All you have to do is remove the peel which removes both salicylates and glycoalkaloids. It also reduces the solanine burden by 23 to 50 times. However, removing the peel would not reduce the histamine load, so it’s important to keep that in mind if histamines are an issue.

If you’d like to test out seeing if you’re suffering from a nightshades allergy, I would suggest eliminating them from your diet entirely for three weeks.

ILW Recommends: Have Success with Our Eczema Elimination Diet

But before you dive into that, take pictures of your skin in good lighting, so you can be a bit more objective to notice if there is a change. Also, write down and track your symptoms as well as their intensity before, during, and after your trial is done.

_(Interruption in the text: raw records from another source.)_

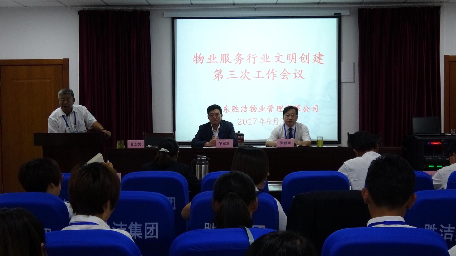 2017年9月30日,在山東勝潔物業管理有限公司總部培訓室召開“物業服務行業文明創建第三次工作會議”,公司領導、區域經理、項目負責人及總部辦公室人員參加了會議。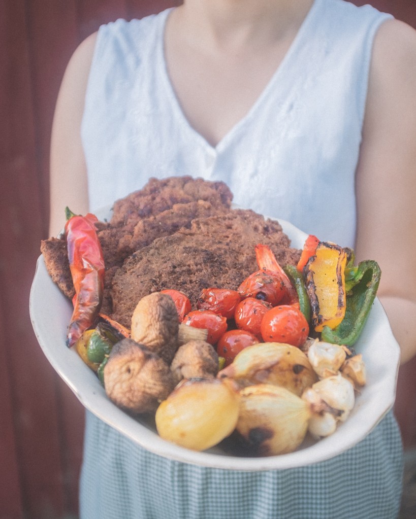 I grilled some veggies (3 different color of bell pepper, chili, mushrooms, garlic, onion,and cherry tomatoes ) with the seitan to add more color and flavour, brushed the same oil and spices
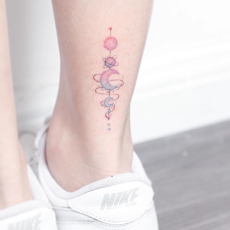 22. Татуировка фазы ЛуныТатуировка фазы Луны — еще одна красивая небольшая татуировка для женщин. Вы можете сделать татуировку фаз Луны либо на ребре, либо на ногах.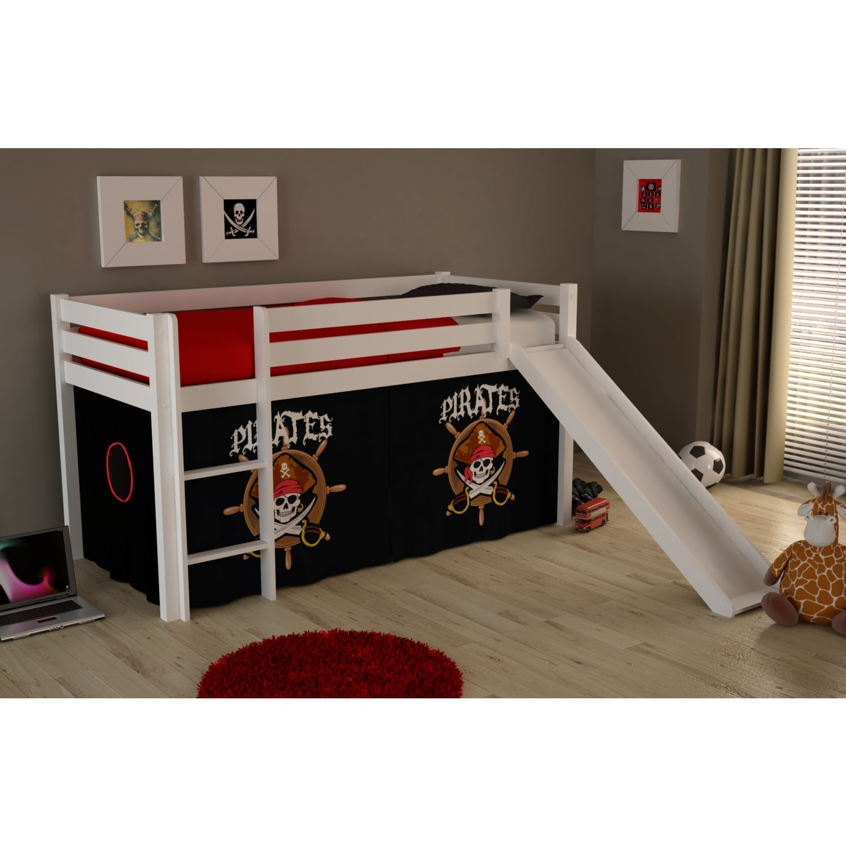 Das Design des Spielbettes ist kindgerecht und sicher. Abgerundete Kanten und eine stabile Leiter sorgen für ein gefahrloses Auf- und Absteigen. Die Rutsche ist ein absolutes Highlight und bietet zusätzlichen Spaß. Das Textilset „Pirates“ mit seinen farbenfrohen Motiven und liebevollen Details verwandelt das Bett in ein echtes Piratenschiff.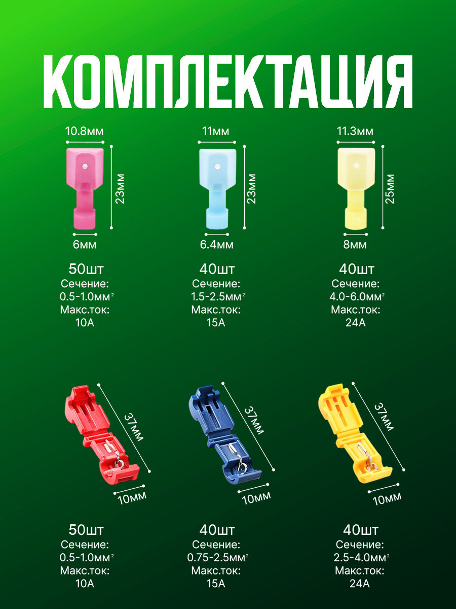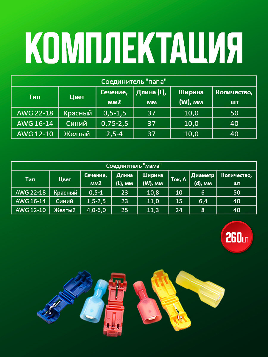 Комплект из 260 быстроразъёмных клемм — идеальное решение для надёжного монтажа проводов. Сечением от 0,5 до 6 мм², эти клеммы обеспечивают высокую термостойкость благодаря полипропиленовому материалу и отличную электропроводимость с чистым медным проводником. В комплект входит удобный кейс для хранения, который делает набор незаменимым для профессиональных электриков, автолюбителей и строителей. Преимущества, такие как лёгкий монтаж и надёжное соединение, позволяют сэкономить время и обеспечивают высокий уровень безопасности в любых электрических системах.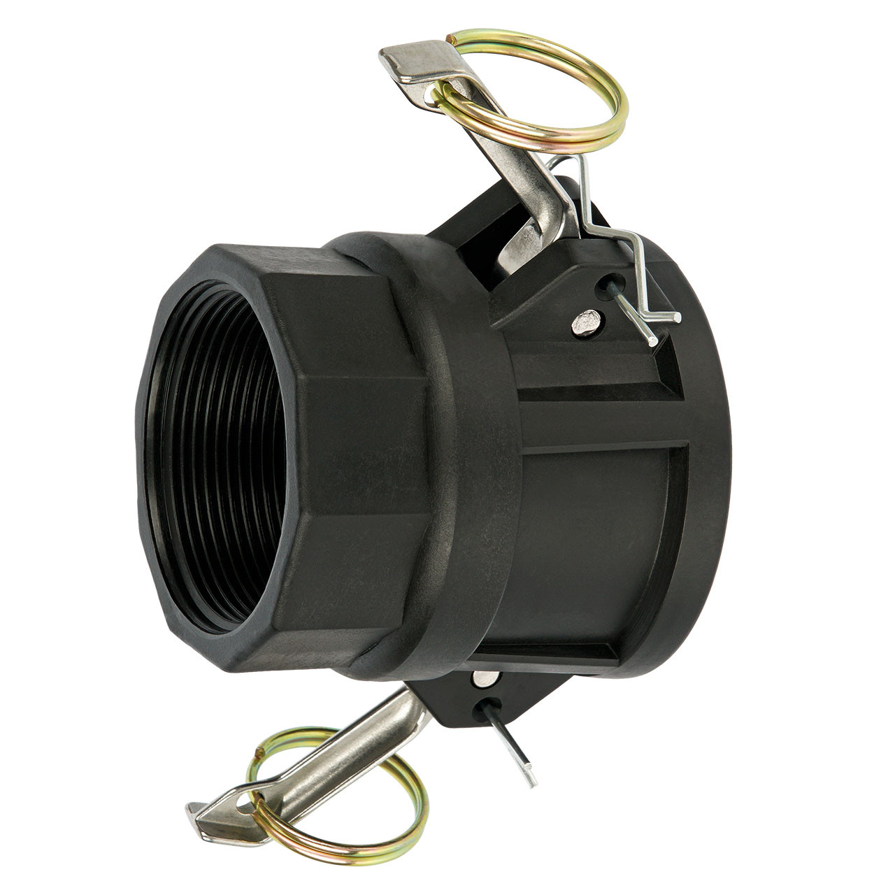 Die bekannten Camlock-Kupplungen oder auch Camlock-Sicherheits-Kupplungen kommen hauptsächlich in der Industrie vor. Diese Camlock Stecker und Camlock Dosen sind Schnellkupplungen zur Verbindung von Schlauch- und Rohrleitungen. Weltweit werden Camlock-Industriekupplungen (Synonym: Hebelarmkupplungen, siehe seitliche Hebel) nach der amerikanischen "Military Specification" MIL-C-27487 gefertigt, in der nur die Kupplungsseite, nicht aber die Anschlusseite festgelegt ist. Sie erkennen einen Camlock Anschluß an dem kurzen Gewinde (63mm Feingewinde; 2 1/8") und einer dahinter liegenden Welle bzw. Lippe. Dieser wird Stecker, auch Vaterkupplung, genannt. Hinter dem Stecker (Vertiefung rund um den Hahn) greift die Verriegelung der Kamlok Dose (Mutterkupplung).

Then, once you go to reintroduce them, even if you saw no improvement whatsoever, I would suggest add one in at a time. That way you could determine if there is a particular reaction to just one food out of the group rather than the entire group itself.

1 Comment

  1. Cat on June 18, 2019 at 10:51 am

    Another problem with nightshades are the lectins in the seeds. Lectins are proteins that are intentionally toxic to keep animals and humans from eating them, so the seeds can eventually germinate and preserve the species. You can avoid their toxicity by removing them before eating. Eggplant seeds are especially toxic, with tomatoes next in line. I don’t know if they can cause eczema, however, but they do weaken your immune system.